- WORK TO COMPLETE
Return the data below exactly, but only from the line containing "Paula also showed" through the line containing "Sport climbing quickdraw, with", with both of those lines included.

- PROVIDED RECORDS
——
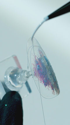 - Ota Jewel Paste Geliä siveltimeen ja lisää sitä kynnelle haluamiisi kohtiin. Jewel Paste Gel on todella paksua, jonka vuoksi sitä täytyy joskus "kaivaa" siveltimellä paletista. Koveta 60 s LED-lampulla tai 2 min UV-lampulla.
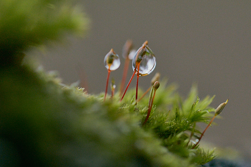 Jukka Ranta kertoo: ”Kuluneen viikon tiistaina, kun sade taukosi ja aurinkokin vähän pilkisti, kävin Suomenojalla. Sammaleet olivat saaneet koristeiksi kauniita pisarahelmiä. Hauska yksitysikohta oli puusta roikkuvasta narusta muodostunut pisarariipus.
——
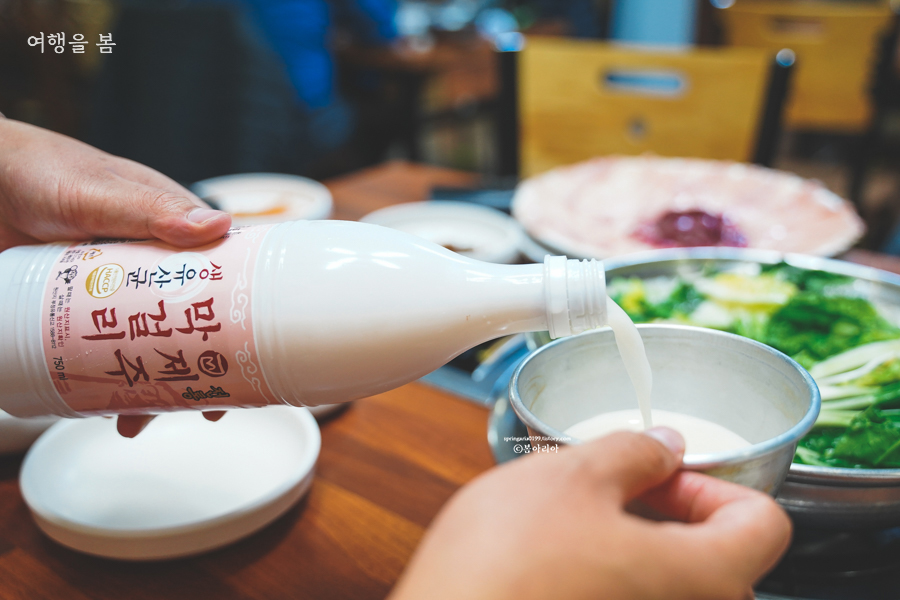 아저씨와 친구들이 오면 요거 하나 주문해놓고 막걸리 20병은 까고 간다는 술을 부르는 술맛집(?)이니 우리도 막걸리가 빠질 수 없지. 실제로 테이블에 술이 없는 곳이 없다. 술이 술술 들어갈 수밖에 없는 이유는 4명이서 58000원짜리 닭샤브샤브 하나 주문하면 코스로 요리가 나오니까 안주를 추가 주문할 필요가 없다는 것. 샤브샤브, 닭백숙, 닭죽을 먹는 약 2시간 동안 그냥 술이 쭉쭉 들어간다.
——
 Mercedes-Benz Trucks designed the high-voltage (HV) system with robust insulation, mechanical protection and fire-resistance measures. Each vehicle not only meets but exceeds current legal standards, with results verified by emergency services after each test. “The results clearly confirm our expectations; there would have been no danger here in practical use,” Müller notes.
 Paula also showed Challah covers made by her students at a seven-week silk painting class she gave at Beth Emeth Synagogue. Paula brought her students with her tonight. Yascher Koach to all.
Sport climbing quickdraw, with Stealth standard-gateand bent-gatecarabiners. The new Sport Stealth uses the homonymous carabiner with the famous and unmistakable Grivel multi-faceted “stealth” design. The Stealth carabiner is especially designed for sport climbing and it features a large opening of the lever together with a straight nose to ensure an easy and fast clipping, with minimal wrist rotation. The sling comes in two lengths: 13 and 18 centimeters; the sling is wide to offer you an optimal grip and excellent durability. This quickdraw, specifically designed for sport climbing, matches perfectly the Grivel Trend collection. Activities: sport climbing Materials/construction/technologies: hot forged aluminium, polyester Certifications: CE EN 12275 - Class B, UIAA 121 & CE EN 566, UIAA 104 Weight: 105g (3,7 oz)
——
- ANSWER TO THE PROBLEM
 Paula also showed Challah covers made by her students at a seven-week silk painting class she gave at Beth Emeth Synagogue. Paula brought her students with her tonight. Yascher Koach to all.
Sport climbing quickdraw, with Stealth standard-gateand bent-gatecarabiners. The new Sport Stealth uses the homonymous carabiner with the famous and unmistakable Grivel multi-faceted “stealth” design. The Stealth carabiner is especially designed for sport climbing and it features a large opening of the lever together with a straight nose to ensure an easy and fast clipping, with minimal wrist rotation. The sling comes in two lengths: 13 and 18 centimeters; the sling is wide to offer you an optimal grip and excellent durability. This quickdraw, specifically designed for sport climbing, matches perfectly the Grivel Trend collection. Activities: sport climbing Materials/construction/technologies: hot forged aluminium, polyester Certifications: CE EN 12275 - Class B, UIAA 121 & CE EN 566, UIAA 104 Weight: 105g (3,7 oz)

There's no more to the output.